AOD 2022-1: IRS nonacquiescence to Fifth Circuit’s decision; limitations period for backup withholding

A case concerning amounts that the taxpayer failed to backup withhold for four tax years

A case concerning amounts that the taxpayer failed to backup withhold for four tax years

An Action on Decision (AOD) reflects the IRS nonacquiescence to a 2020 decision of the U.S. Court of Appeals for the Fifth Circuit.

The Fifth Circuit concluded that the three-year limitations period for assessing backup withholding was triggered when the taxpayer filed a Form 1040 and Forms 1099-MISC that failed to include taxpayer identification numbers (TINs) of subcontractors to whom payments were made. The case is: Quezada v. IRS, 982 F.3d 931 (5th Cir. 2020)

AOD 2022-1 appears in Internal Revenue Bulletin 2022-6 [PDF 854 KB] (February 7, 2022).

Fifth Circuit’s decision

This case concerns amounts that the taxpayer failed to backup withhold for four tax years—2005, 2006, 2007, and 2008. For each of those years, the taxpayer paid subcontractors and reported the payments on Forms 1099, but many of these forms lacked TINs.

Because the subcontractors failed to furnish their TINs, the taxpayer was required to backup withhold from each payment made to them. And because the taxpayer was required to backup withhold, he was to have filed Forms 945 for the relevant tax years. He failed to file Form 945. He also failed to indicate on any Form 1099 that he had backup withheld any portion of his payments to subcontractors. The IRS investigated, and in 2014, assessed about $1.2 million for amounts the taxpayer had failed to backup withhold from 2005-2008, plus penalties and interest.

The taxpayer claimed the assessment was barred by the three-year limitations period, which ran from the date “the return” is filed. He asserted that his Form 1040 and Forms 1099, combined, constituted “the return” that triggered the limitations period. The lower courts disagreed, and held that the limitations period never began to run because the taxpayer never filed “the return.”

On appeal, the Fifth Circuit concluded that the taxpayer had filed “the return” that started the limitations period when he filed forms containing data sufficient to: (1) show that he was liable for the taxes assessed; and (2) calculate the extent of his tax liability.
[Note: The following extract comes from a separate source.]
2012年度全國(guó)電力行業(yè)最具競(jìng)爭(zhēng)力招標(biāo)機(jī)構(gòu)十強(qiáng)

Because the assessment came more than three years after the taxpayer filed those forms, the Fifth Circuit held the assessment was barred by the limitations period and vacated the judgment allowing the assessment and remanded to the lower court.

Read the Fifth Circuit’s decision [PDF 113 KB] 
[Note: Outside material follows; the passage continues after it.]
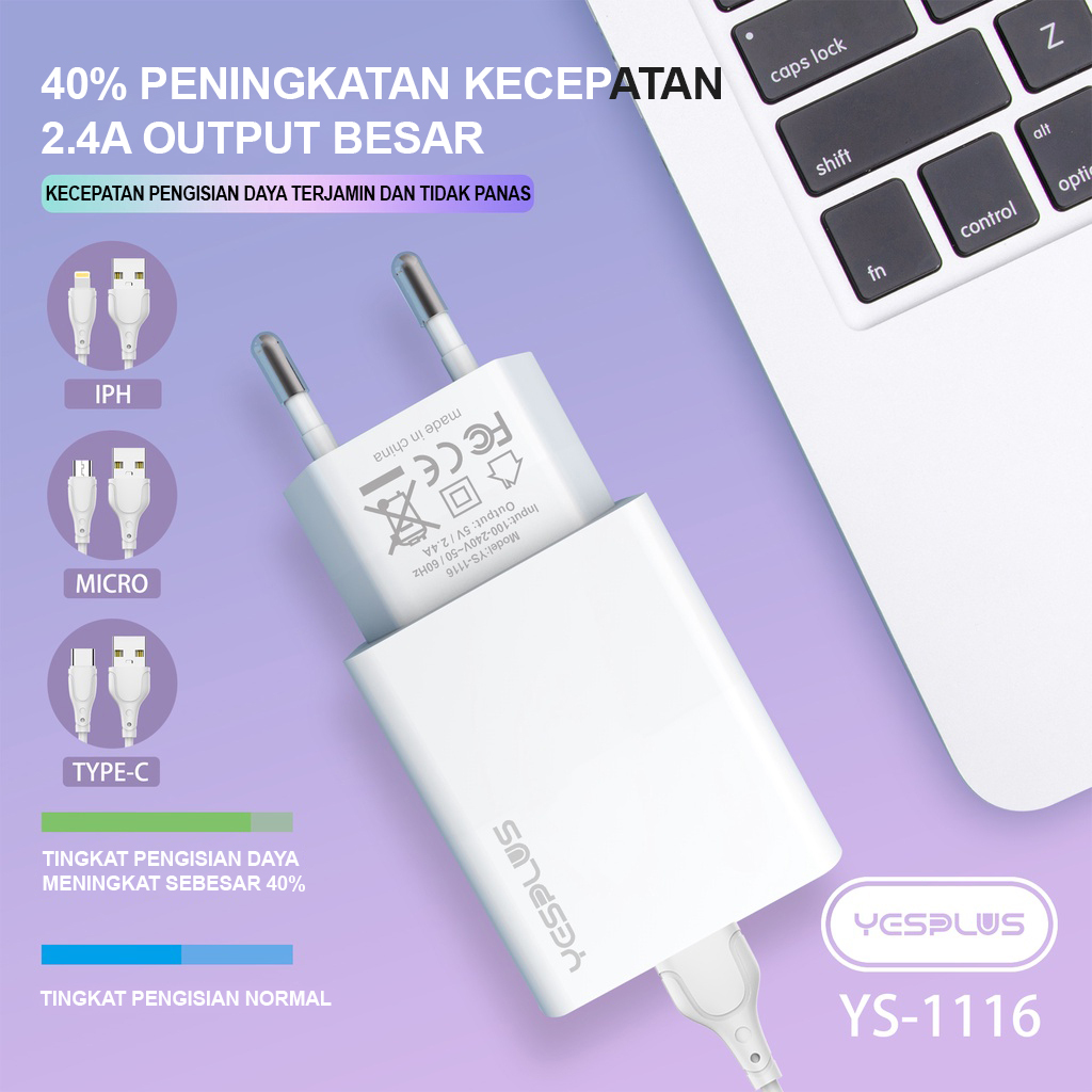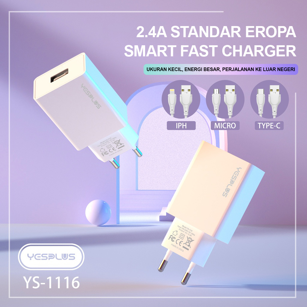 CHARGER TYPE C FAST CHARGINGCharger YESPLUS YS-1116 Charger Fast Charging 2.4A Smart Charger & Fast Cable

The KPMG name and logo are trademarks used under license by the independent member firms of the KPMG global organization. KPMG International Limited is a private English company limited by guarantee and does not provide services to clients. No member firm has any authority to obligate or bind KPMG International or any other member firm vis-à-vis third parties, nor does KPMG International have any such authority to obligate or bind any member firm. The information contained herein is of a general nature and is not intended to address the circumstances of any particular individual or entity. Although we endeavor to provide accurate and timely information, there can be no guarantee that such information is accurate as of the date it is received or that it will continue to be accurate in the future. No one should act on such information without appropriate professional advice after a thorough examination of the particular situation. For more information, contact KPMG's Federal Tax Legislative and Regulatory Services Group at: + 1 202 533 4366, 1801 K Street NW, Washington, DC 20006.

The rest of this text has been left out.